**Problem description**. In the material below, the lines between the one holding "Pour out 3 colours" and the one holding "as reversões de", inclusive, are to be set down word for word. Pictures stay out.

**Provided data**.
────
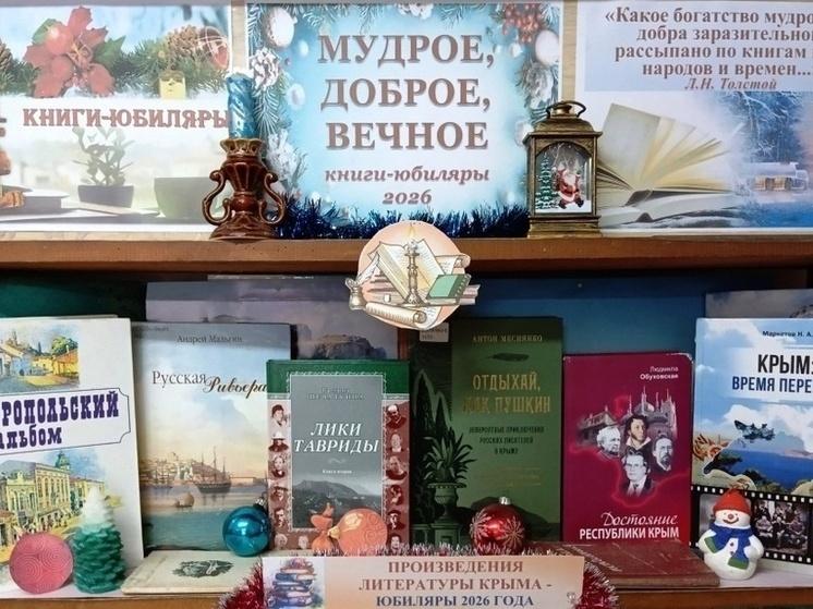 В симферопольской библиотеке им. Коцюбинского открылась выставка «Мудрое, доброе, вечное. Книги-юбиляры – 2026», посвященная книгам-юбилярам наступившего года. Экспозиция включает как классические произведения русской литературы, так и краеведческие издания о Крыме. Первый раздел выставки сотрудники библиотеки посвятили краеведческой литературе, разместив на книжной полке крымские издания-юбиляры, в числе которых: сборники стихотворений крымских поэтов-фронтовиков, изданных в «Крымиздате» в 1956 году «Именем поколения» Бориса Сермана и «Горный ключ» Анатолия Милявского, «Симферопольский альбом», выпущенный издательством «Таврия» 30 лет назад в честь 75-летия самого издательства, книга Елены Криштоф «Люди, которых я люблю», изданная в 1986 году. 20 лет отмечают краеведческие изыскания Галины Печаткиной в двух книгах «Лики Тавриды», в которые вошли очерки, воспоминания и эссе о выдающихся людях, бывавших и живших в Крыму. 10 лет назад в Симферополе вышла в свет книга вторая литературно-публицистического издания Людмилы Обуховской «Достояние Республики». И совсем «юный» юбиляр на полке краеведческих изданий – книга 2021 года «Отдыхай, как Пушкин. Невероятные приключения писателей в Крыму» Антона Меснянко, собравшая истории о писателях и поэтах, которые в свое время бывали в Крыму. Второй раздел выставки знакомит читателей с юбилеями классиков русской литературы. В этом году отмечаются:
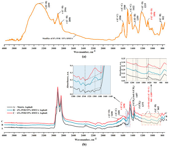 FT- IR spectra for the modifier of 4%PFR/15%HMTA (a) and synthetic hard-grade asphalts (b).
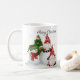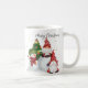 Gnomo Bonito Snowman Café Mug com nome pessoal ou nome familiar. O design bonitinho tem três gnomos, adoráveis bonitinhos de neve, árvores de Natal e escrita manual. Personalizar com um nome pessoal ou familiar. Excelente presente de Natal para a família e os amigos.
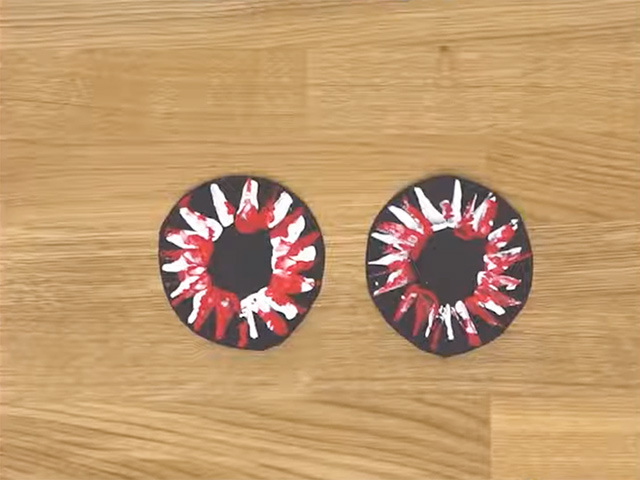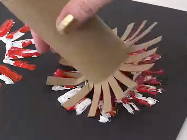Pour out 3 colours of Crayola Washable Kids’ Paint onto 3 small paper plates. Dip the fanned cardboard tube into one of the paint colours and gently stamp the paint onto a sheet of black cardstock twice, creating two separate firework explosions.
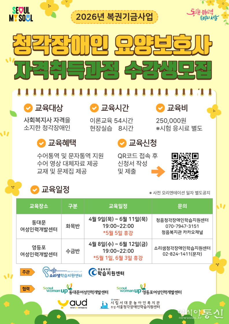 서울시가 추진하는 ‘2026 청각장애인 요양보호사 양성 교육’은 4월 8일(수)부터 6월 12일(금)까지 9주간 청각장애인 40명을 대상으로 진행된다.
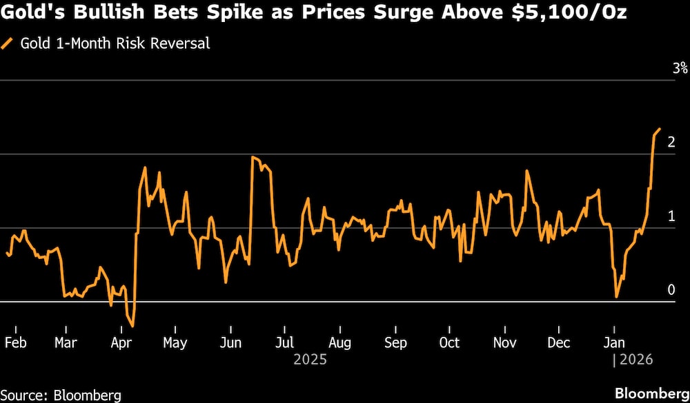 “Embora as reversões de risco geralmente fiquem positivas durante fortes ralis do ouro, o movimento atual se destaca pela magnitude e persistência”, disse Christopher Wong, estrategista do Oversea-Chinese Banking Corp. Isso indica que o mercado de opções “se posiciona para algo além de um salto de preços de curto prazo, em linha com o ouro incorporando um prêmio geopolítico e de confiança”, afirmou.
────
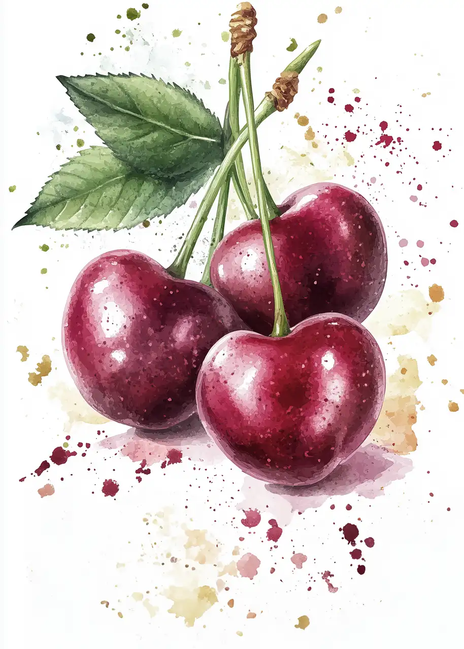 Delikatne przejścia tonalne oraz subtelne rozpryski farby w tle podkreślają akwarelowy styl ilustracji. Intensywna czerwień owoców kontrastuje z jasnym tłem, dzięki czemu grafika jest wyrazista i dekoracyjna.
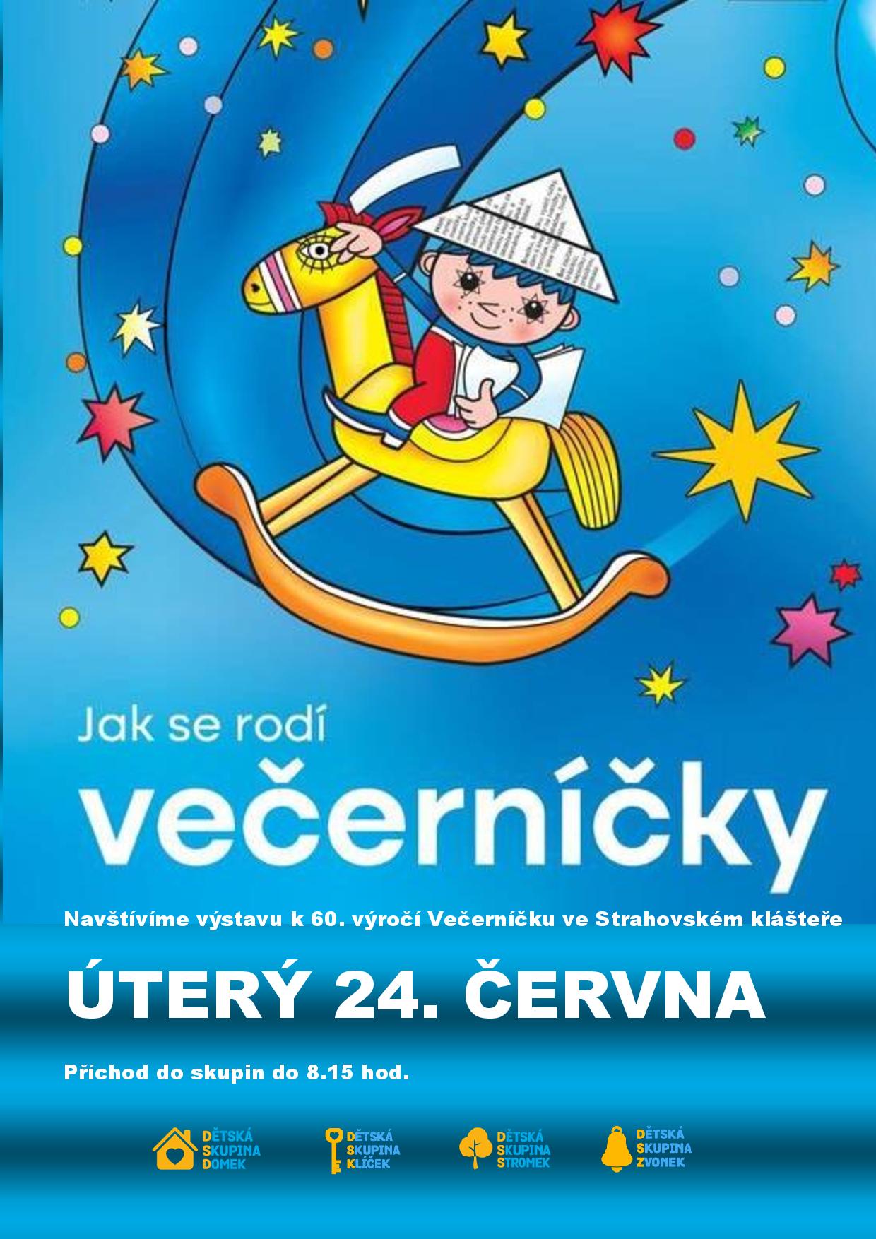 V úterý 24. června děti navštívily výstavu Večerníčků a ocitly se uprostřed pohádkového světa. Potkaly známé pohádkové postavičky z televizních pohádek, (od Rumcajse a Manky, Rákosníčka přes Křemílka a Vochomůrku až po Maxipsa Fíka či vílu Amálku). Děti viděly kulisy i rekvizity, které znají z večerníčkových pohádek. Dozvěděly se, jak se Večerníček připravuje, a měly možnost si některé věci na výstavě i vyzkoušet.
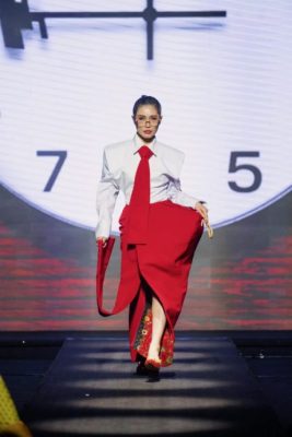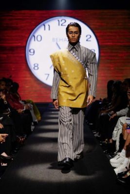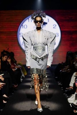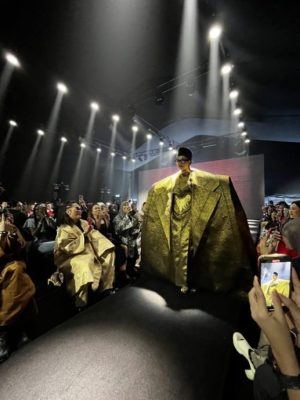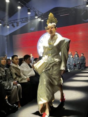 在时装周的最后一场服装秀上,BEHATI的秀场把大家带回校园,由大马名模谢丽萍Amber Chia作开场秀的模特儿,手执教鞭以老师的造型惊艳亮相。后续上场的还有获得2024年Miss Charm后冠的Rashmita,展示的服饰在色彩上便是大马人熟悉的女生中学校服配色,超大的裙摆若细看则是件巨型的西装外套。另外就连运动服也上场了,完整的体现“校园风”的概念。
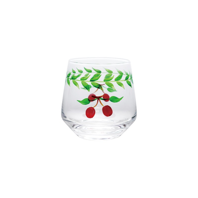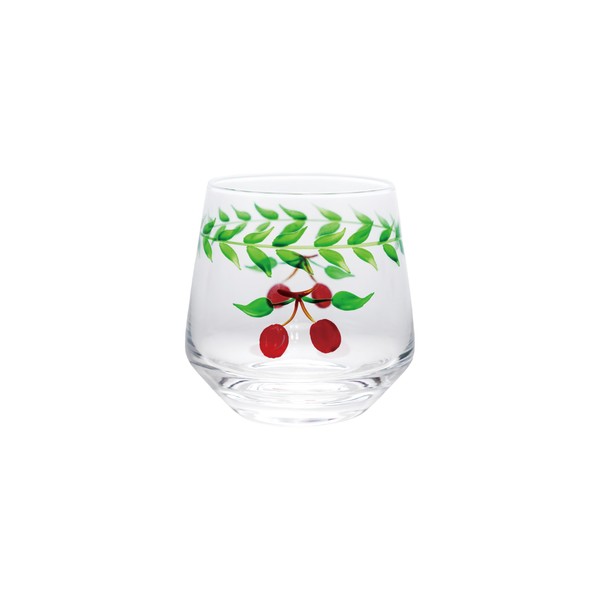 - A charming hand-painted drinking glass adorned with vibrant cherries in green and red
────
**Written answer**.
Pour out 3 colours of Crayola Washable Kids’ Paint onto 3 small paper plates. Dip the fanned cardboard tube into one of the paint colours and gently stamp the paint onto a sheet of black cardstock twice, creating two separate firework explosions.
 서울시가 추진하는 ‘2026 청각장애인 요양보호사 양성 교육’은 4월 8일(수)부터 6월 12일(금)까지 9주간 청각장애인 40명을 대상으로 진행된다.
 “Embora as reversões de risco geralmente fiquem positivas durante fortes ralis do ouro, o movimento atual se destaca pela magnitude e persistência”, disse Christopher Wong, estrategista do Oversea-Chinese Banking Corp. Isso indica que o mercado de opções “se posiciona para algo além de um salto de preços de curto prazo, em linha com o ouro incorporando um prêmio geopolítico e de confiança”, afirmou.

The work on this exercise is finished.